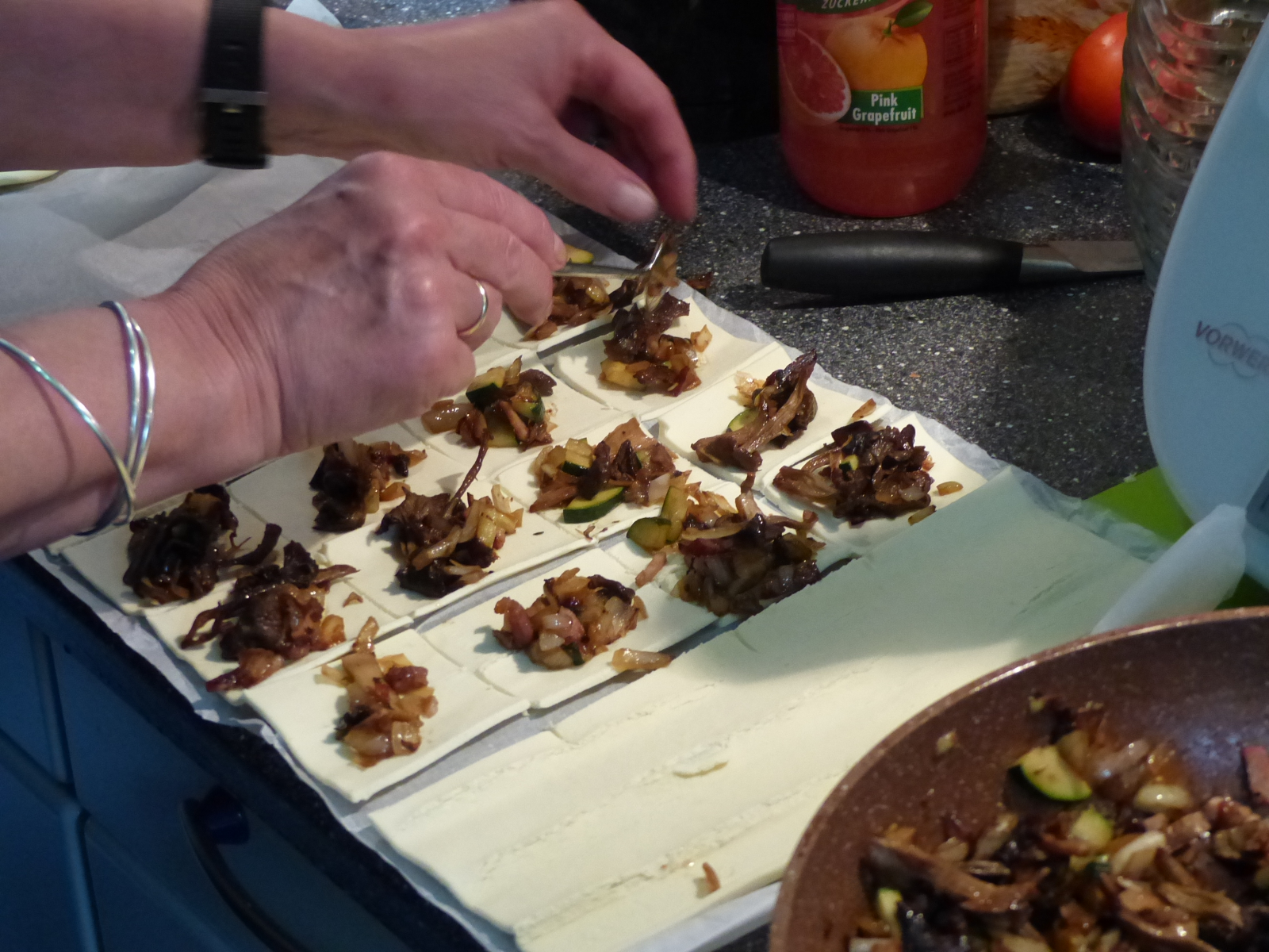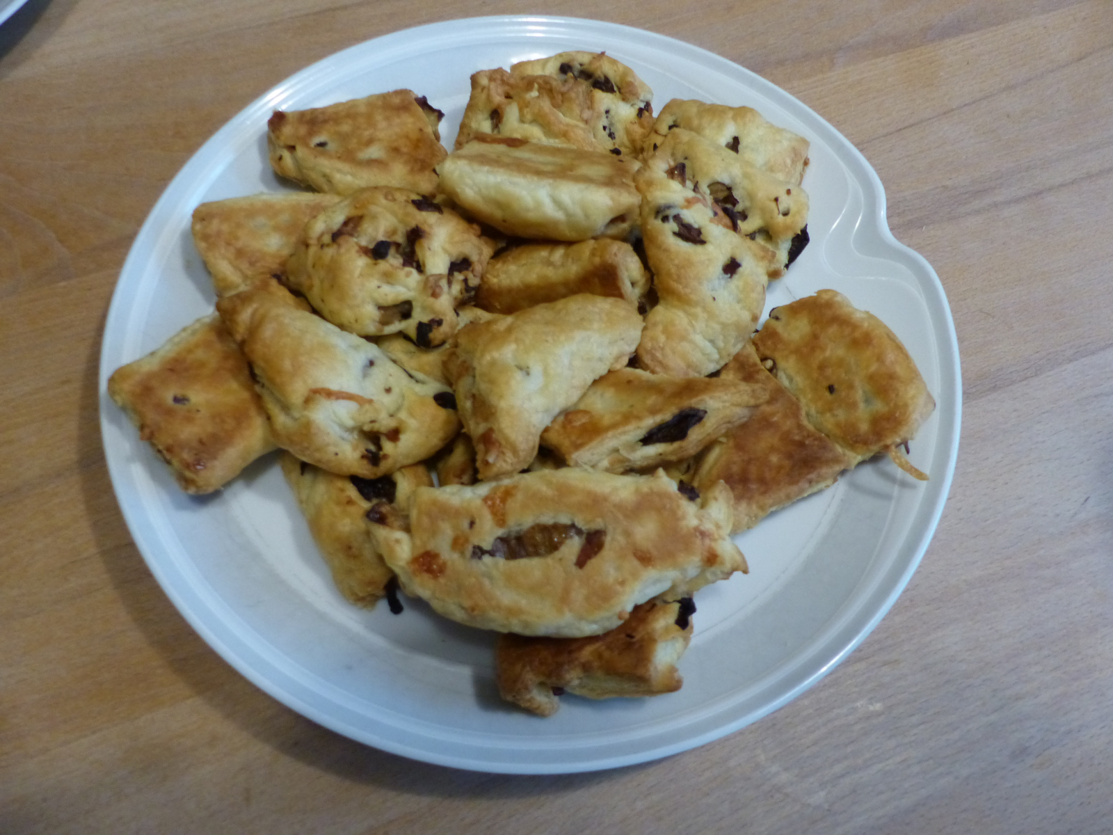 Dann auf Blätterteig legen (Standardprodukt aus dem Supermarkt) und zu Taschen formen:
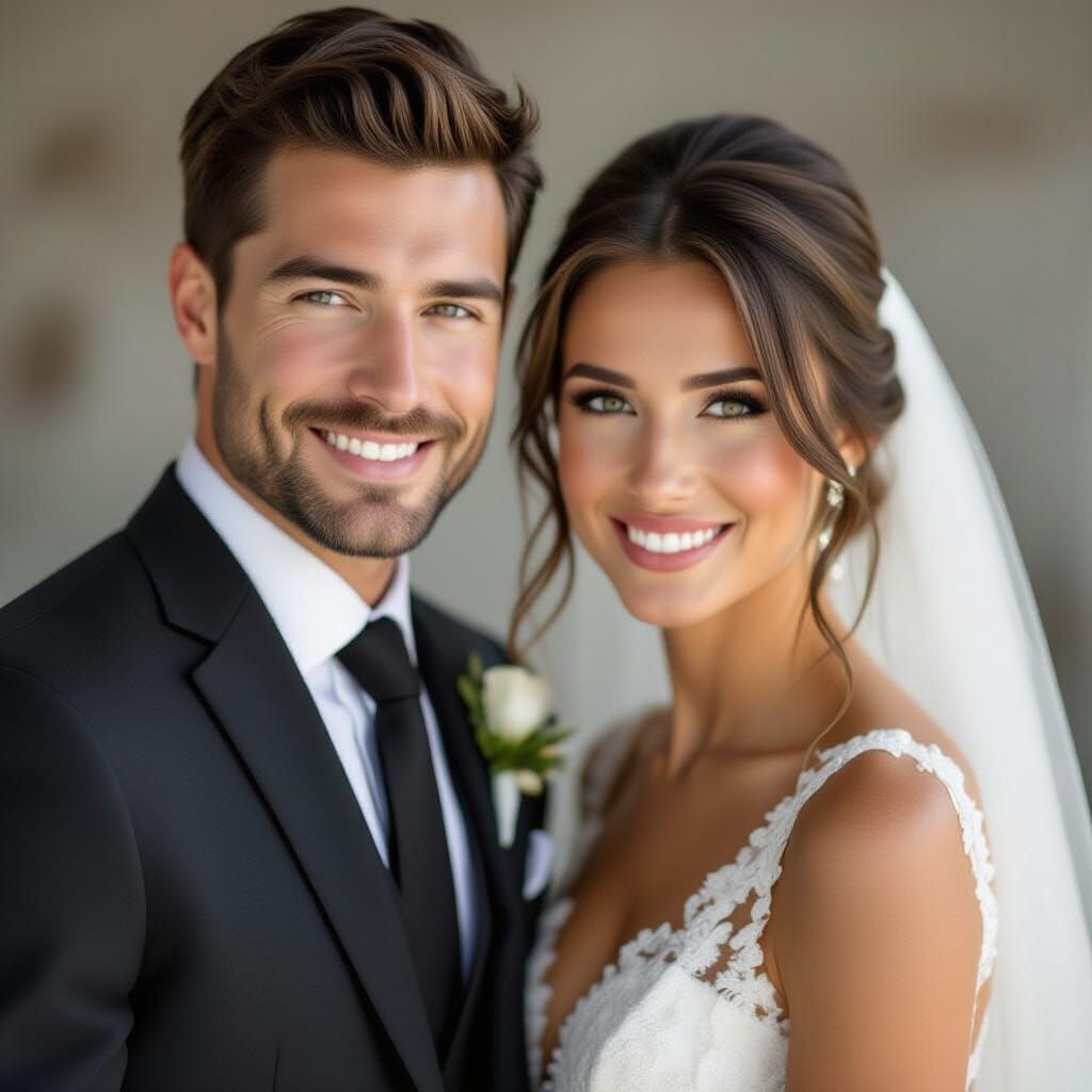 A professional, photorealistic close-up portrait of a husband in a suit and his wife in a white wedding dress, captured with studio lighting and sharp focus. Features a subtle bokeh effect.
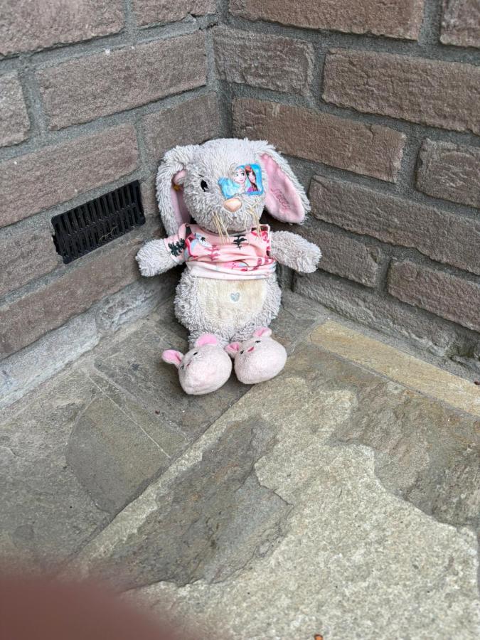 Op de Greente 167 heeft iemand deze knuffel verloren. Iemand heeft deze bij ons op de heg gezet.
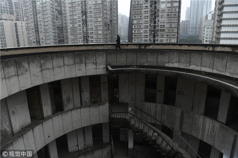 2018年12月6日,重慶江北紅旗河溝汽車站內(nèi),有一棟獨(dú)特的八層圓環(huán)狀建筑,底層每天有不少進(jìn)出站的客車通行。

********************

Could you copy the lines above exactly and skip the images?

 Dann auf Blätterteig legen (Standardprodukt aus dem Supermarkt) und zu Taschen formen:
 A professional, photorealistic close-up portrait of a husband in a suit and his wife in a white wedding dress, captured with studio lighting and sharp focus. Features a subtle bokeh effect.
 Op de Greente 167 heeft iemand deze knuffel verloren. Iemand heeft deze bij ons op de heg gezet.
 2018年12月6日,重慶江北紅旗河溝汽車站內(nèi),有一棟獨(dú)特的八層圓環(huán)狀建筑,底層每天有不少進(jìn)出站的客車通行。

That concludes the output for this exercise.